▶ [Work order] Your answer should hold exactly the lines below from the line with "기존에는 색상을 직접" through the line with "京都イメージ 古都 京都 春 桜 和 アニメ風", both included, and no pictures at all.
*** Excerpted data
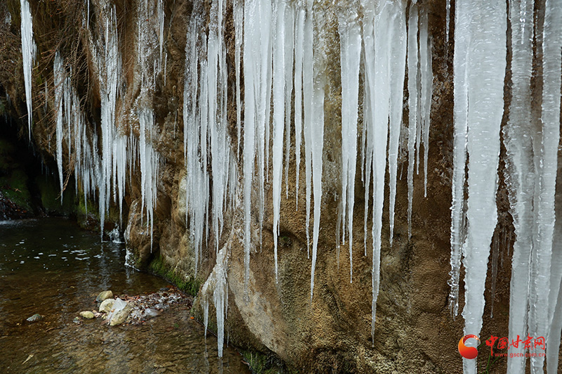 近日,在隴南市康縣王壩鎮(zhèn),由于受低溫寒潮天氣的影響,王壩鎮(zhèn)何家莊風(fēng)景區(qū)至大水溝村的大峽谷現(xiàn)冰瀑景觀,冰瀑形狀各異、冰掛晶瑩剔透、壯觀奇美,成為冬日里一道亮麗風(fēng)景。
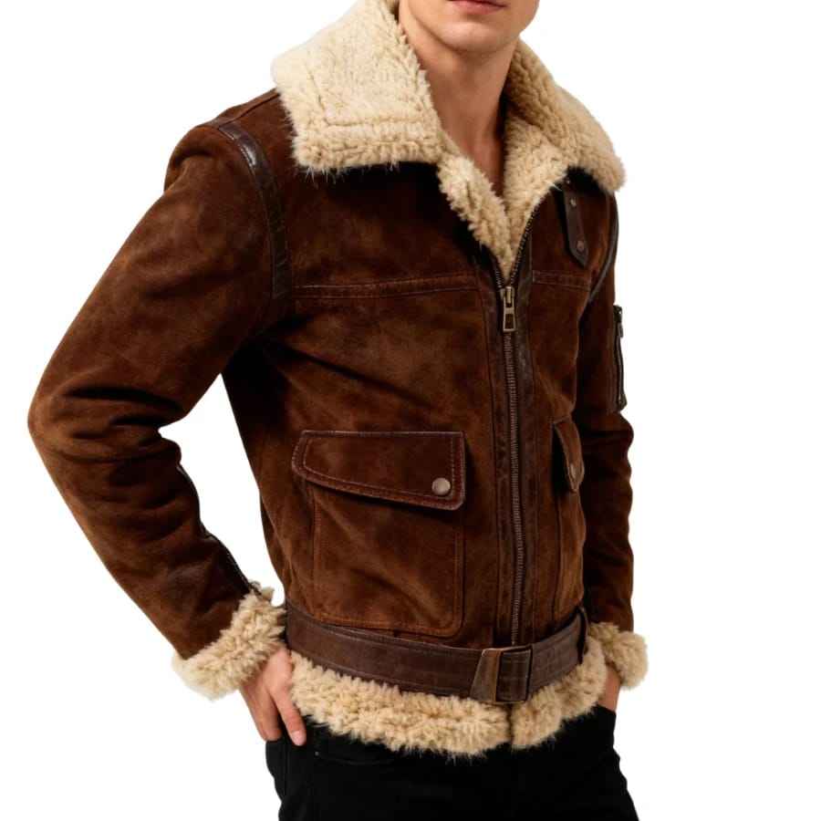 แจ็คเก็ตหนังสั่งทำพิเศษ แฟชั่นผู้ชาย แจ็คเก็ตหนังกันลม แจ็คเก็ตหนังกลับคุณภาพสูง พร้อมขนเฟอร์เทียม สไตล์สตรีทแวร์
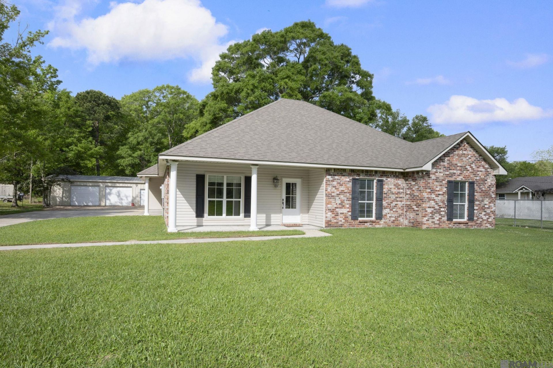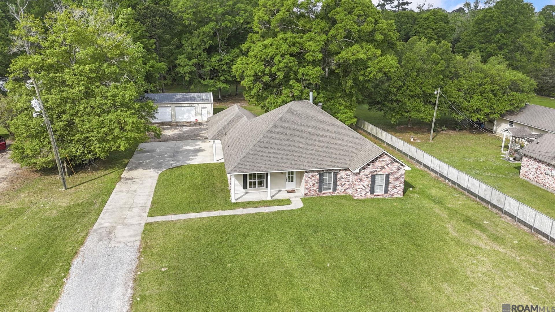 Situated on 1.24 acres, this beautifully maintained 3 bedroom, 2.5 bath home offers over 1,800 living square feet filled with custom touches. From the moment you walk in, you are greeted by stunning stained and scored concrete floors, crown molding, abundant natural light, and neutral paint colors throughout that create a bright, inviting feel. The living room centers around a cozy wood burning fireplace and flows seamlessly into a well appointed kitchen featuring granite countertops, custom cabinetry, and a gas stove. A convenient half bath is tucked just off the kitchen, ideal for guests. The spacious primary suite is designed for comfort, offering a large en suite bath with dual vanities, a large custom tile shower, and an oversized walk in closet. Step outside to an extended covered rear patio perfect for entertaining or unwinding, and overlooking a peaceful backyard shaded by mature trees. The attached storage room off the carport adds everyday functionality, while the detached shop provides the perfect space for hobbies, equipment, or additional storage. With a new roof, low flood insurance, and a peaceful setting that offers both space and privacy, this property is a must see! Schedule a showing today!
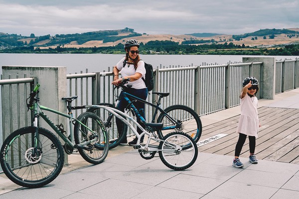 Le vélo c’est un truc qui nous plait dès qu’on sort de Paris. On avait déjà tenté les tours de lacs au Canada, en tirant Mininou en carriole, les tours de ville de Malaga et de Valence en Espagne avec la petite dans un siège derrière moi. Donc pour ce voyage, Mininou sachant faire du vélo, nous voulions tenter le tag along qui permet de transformer tout vélo adulte qui se respecte en tandem en attachant le vélo de l’enfant derrière. Le premier essai pour un tour en forêt / montagne n’était pas vraiment concluant et on se ravise en se disant qu’il faudrait éviter que le père et la famille ne finissent les vacances avec une commotion cérébrale. On se rabat donc sur le tour du lac.. enfin un bout car le lac il est trrrrrrrrès grand. Nous voilà donc partis le long du lac Taupo, très frais sauf quand il est réchauffé par l’activité géothermique. Ange pilote le tandem du mieux possible, Mininou pédale en regardant les petits canards et moi je profite du moment. Je découvre ainsi une activité incroyable de golf 1 trou avec practice sur la plage et envoi de la balle sur une bouée gonflable sur la mer… ou encore la location de bateaux en forme de donuts. Ainsi j’ai eu l’idée de créer moi aussi une nouvelle activité sportive : le lancer de gerbille sur bitume. #gerbillevolante #vilainvelo. Heureusement que nous ne sommes pas allés en forêt, j’aurais pu manger de la terre… beurk.
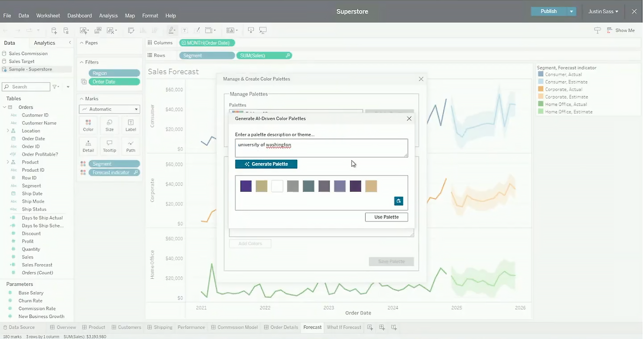 기존에는 색상을 직접 하나하나 고르거나 Tableau 기본 팔레트만 쓸 수 있었다면, 해당 기능이 추가되면 AI에게 말로 색상을 설명하면 Tableau가 거기에 어울리는 색상 팔레트를 자동 생성해줍니다.
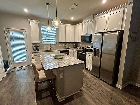 Bright open floor planStainless steel appliancesModern finishesConvenient breakfast barGenerous spaceSleek cabinetryCeiling fans
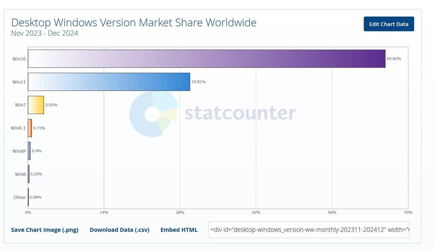 Dezembro de 2024 foi outro bom mês para o Windows 10, com um aumento de 0,87 em relação ao mês anterior, atingindo 62,7% dos utilizadores.
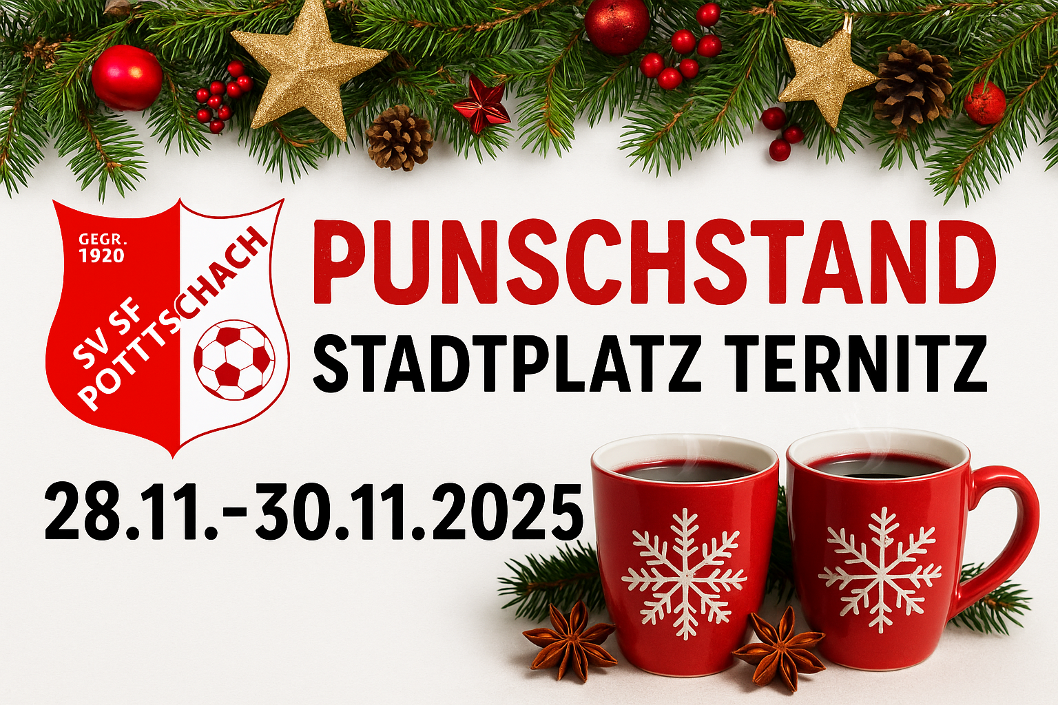 An den zwei kommenden Wochenenden findet am Ternitzer Stadtplatz jeweils ab 15:00 Uhr der alljährliche Adventmarkt der Stadtgemeinde Ternitz statt! Mit von der Partie am ersten Wochenende ist wie immer auch der SVSF Pottschach mit seinem Punschstand, der die Besucher mit leckeren Heißgetränken und kleine Snacks versorgen wird!
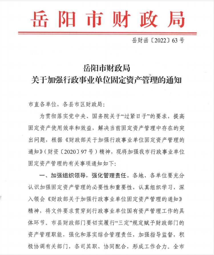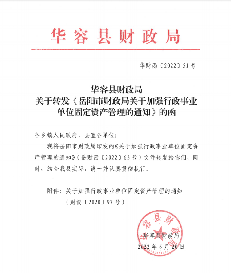 华容县财政局关于转发《岳阳市财政局关于加强行政事业单位固定资产管理的通知》的函
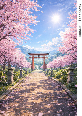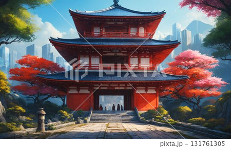 京都イメージ 古都 京都 春 桜 和 アニメ風
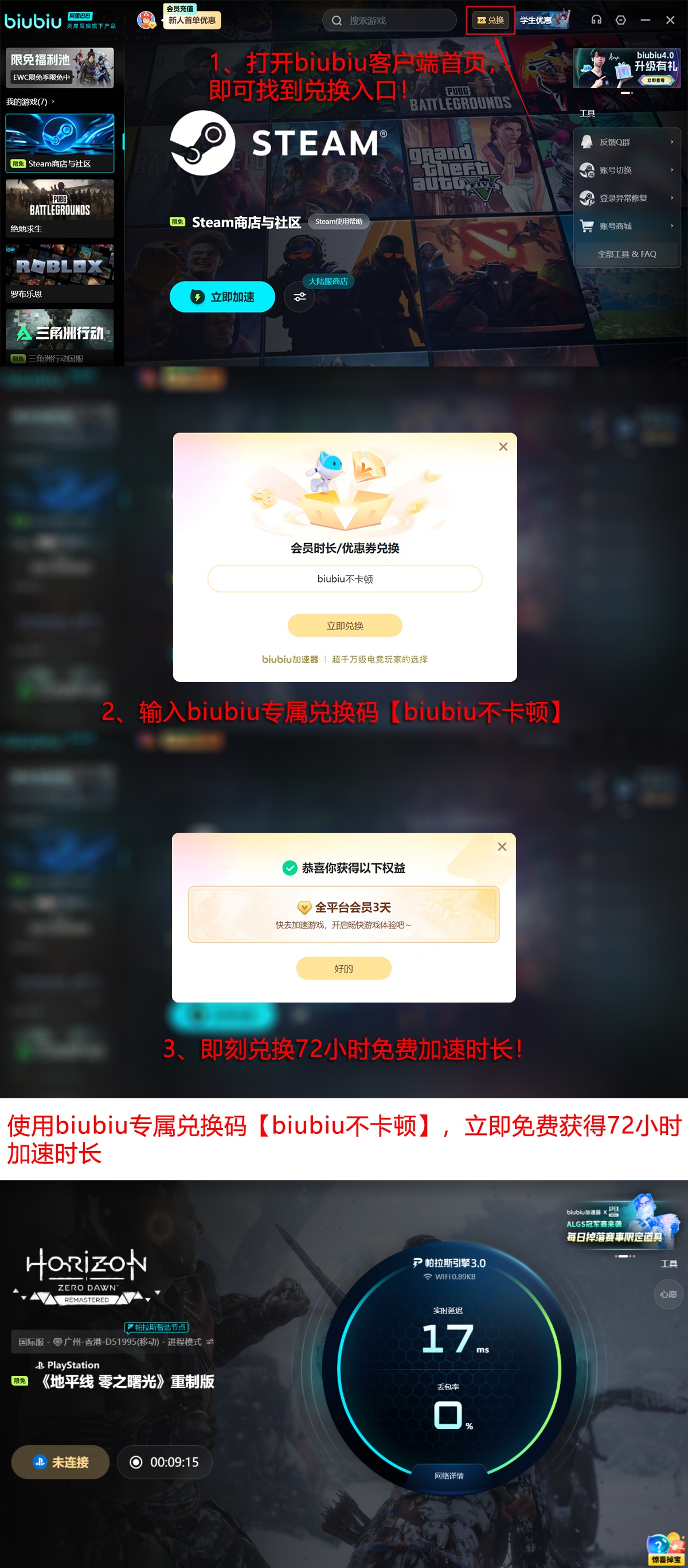 当前新用户注册即可获赠24小时全节点加速权限;所有用户均可凭口令【biubiu不卡顿】兑换额外72小时加速时长。新老用户叠加使用后,总计享有96小时免付费深度体验,无需任何预充值或订阅绑定,即可验证其在高强度联机与复杂场景下的运行可靠性。
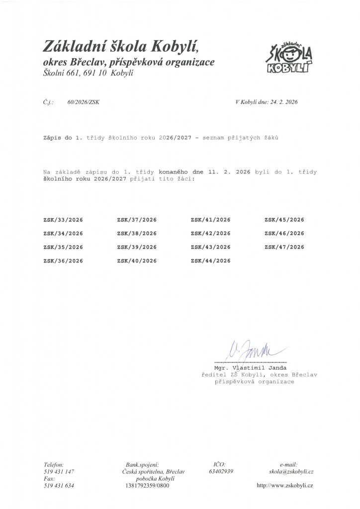 - Zápis do 1. třídy - pozvánka
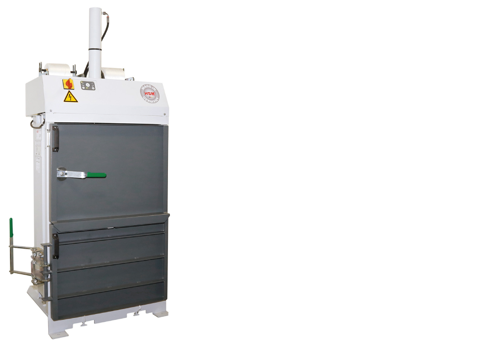 The HSM V-Press 503 eco is a good entry-level baler for small sites producing limited volumes of waste. It’s compact, easy to use, and affordable.
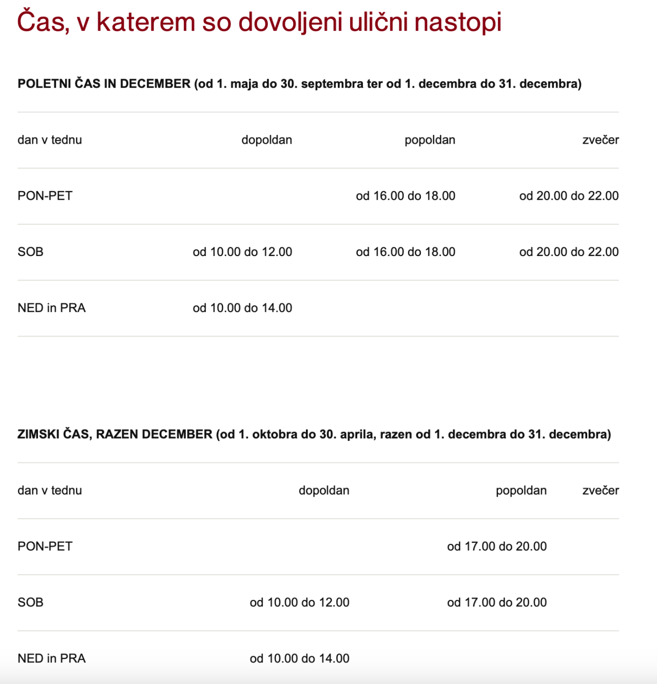 Določen je tudi prav poseben urnik s termini, ko je dovoljeno izvajanje uličnih nastopov:
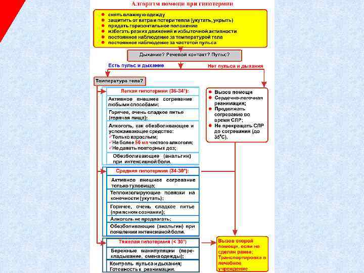 Помощь при переохлаждении Обязательное требование к оказывающим помощь - соблюдать крайнюю осторожность при любых пе- ремещениях пострадавшего и манипуляциях с ним (опасность внезапной смерти)
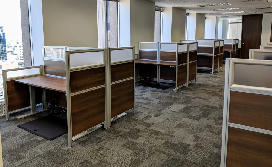 Canadian federal government installation featuring furniture from Artopex and monitor arms from Tayco.
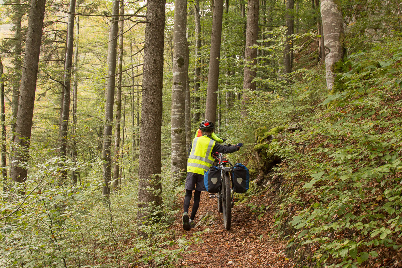 Zeit, dies zu ändern. Wir fahren nun auf der Bikeroute „Jurabike“. Passenderweise liegt an dieser die Alpwirtschaft „Grange Neuve“, wo wir uns einmal mehr aufwärmen können. Zwei ältere Damen am Nebentisch interessieren sich für unsere Unternehmung und sind ganz begeistert, was wir da machen. Mal schauen, ob die Kinder nach dieser Etappe es auch noch sind. Wir traten wieder in die Kälte und fuhren abwärts auf einem Alpweg, was den Kindern schon mal gefiel. Die Route drehte dann abrupt nach links, es wurde ruppig und steil, für uns mit dem Gepäck schon nicht mehr fahrbar. Willkommen bei „Kyburz on tour“. Schon bald mussten wir schieben, der Jüngere kam mit dem schweren Bike und Gepäck an den Anschlag. Ich schob ihm sein Velo hoch und wir legten eine Pause ein, bevor wir die letzten Höhenmeter in Angriff nahmen.
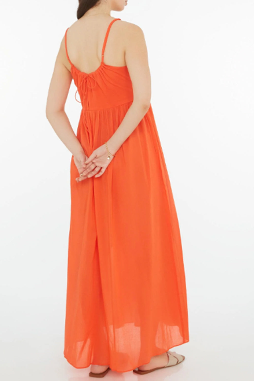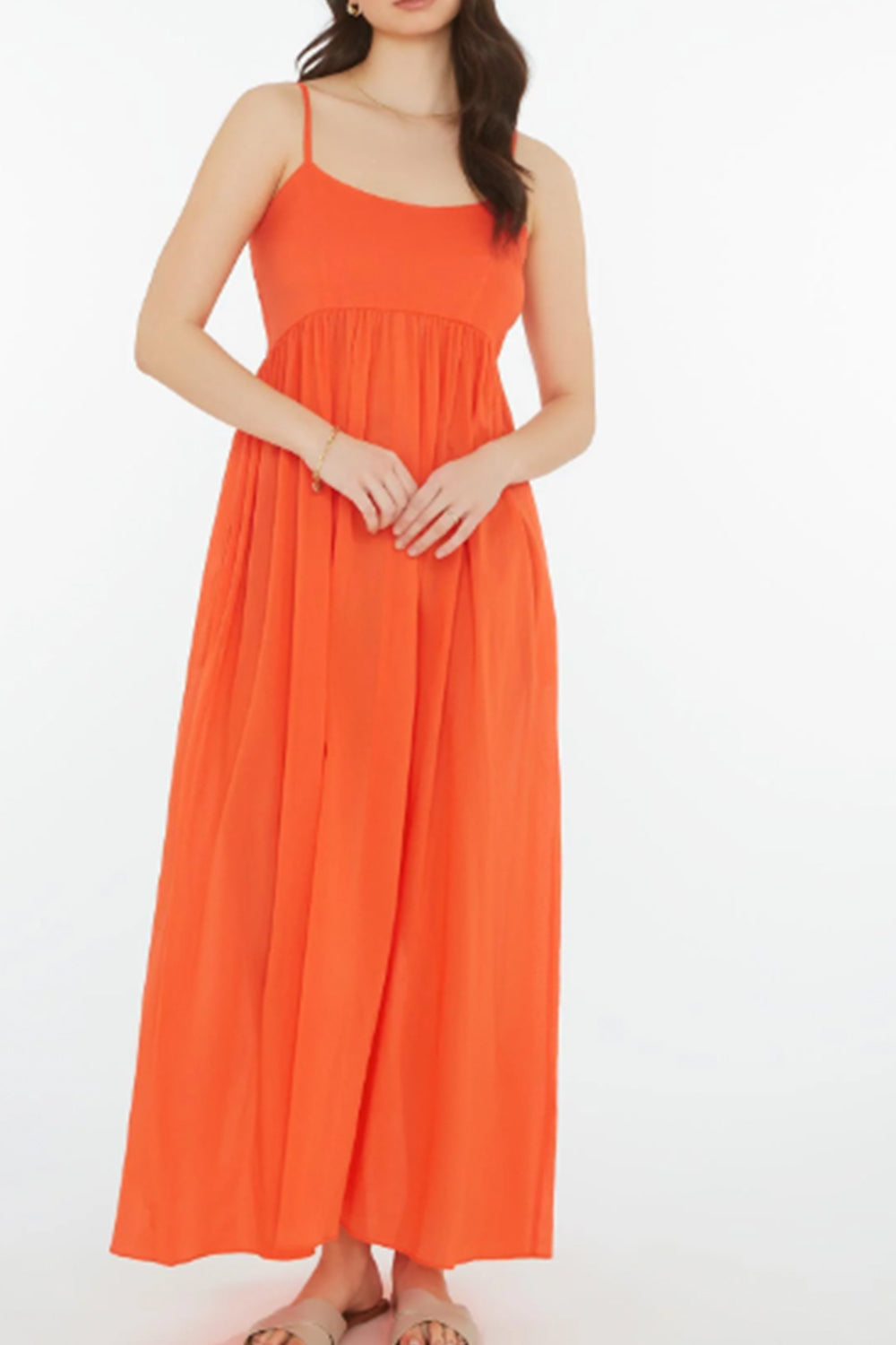 Type-Canary Orange Dress Color-Orange Neck type-U Neck Sleeve Length-Sleeveless Fit-Regular Fabric-Rayon
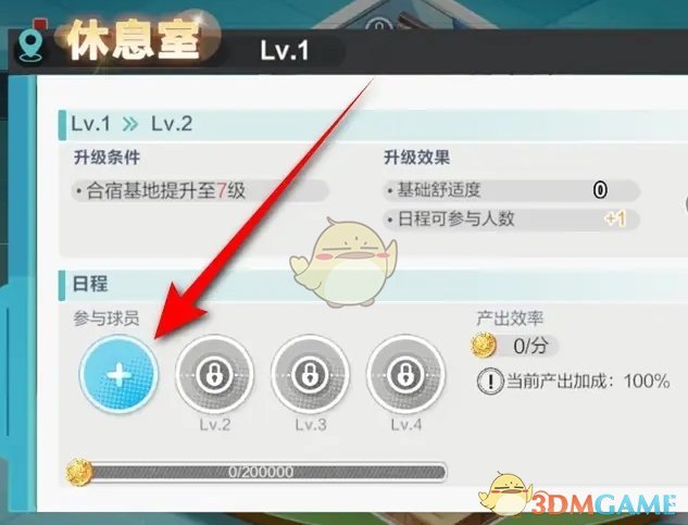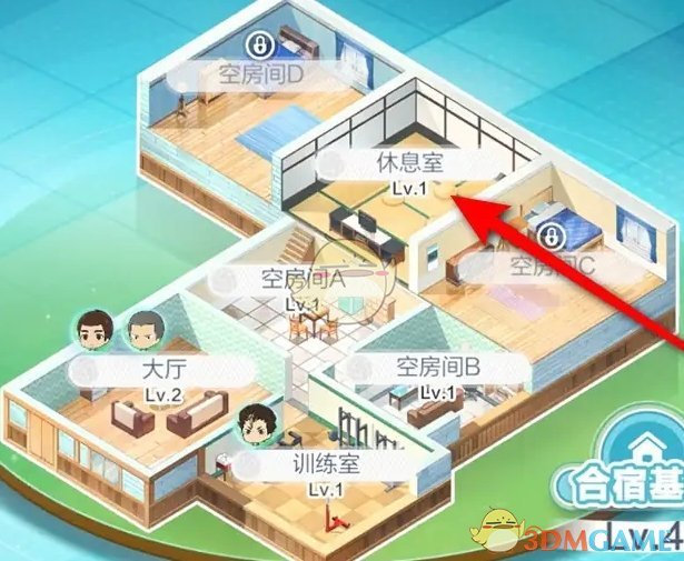 2、前往合宿基地后,点击休息室玩法前往;
******
▶ [Result of the exercise]
 기존에는 색상을 직접 하나하나 고르거나 Tableau 기본 팔레트만 쓸 수 있었다면, 해당 기능이 추가되면 AI에게 말로 색상을 설명하면 Tableau가 거기에 어울리는 색상 팔레트를 자동 생성해줍니다.
 Bright open floor planStainless steel appliancesModern finishesConvenient breakfast barGenerous spaceSleek cabinetryCeiling fans
 Dezembro de 2024 foi outro bom mês para o Windows 10, com um aumento de 0,87 em relação ao mês anterior, atingindo 62,7% dos utilizadores.
 An den zwei kommenden Wochenenden findet am Ternitzer Stadtplatz jeweils ab 15:00 Uhr der alljährliche Adventmarkt der Stadtgemeinde Ternitz statt! Mit von der Partie am ersten Wochenende ist wie immer auch der SVSF Pottschach mit seinem Punschstand, der die Besucher mit leckeren Heißgetränken und kleine Snacks versorgen wird!
 华容县财政局关于转发《岳阳市财政局关于加强行政事业单位固定资产管理的通知》的函
 京都イメージ 古都 京都 春 桜 和 アニメ風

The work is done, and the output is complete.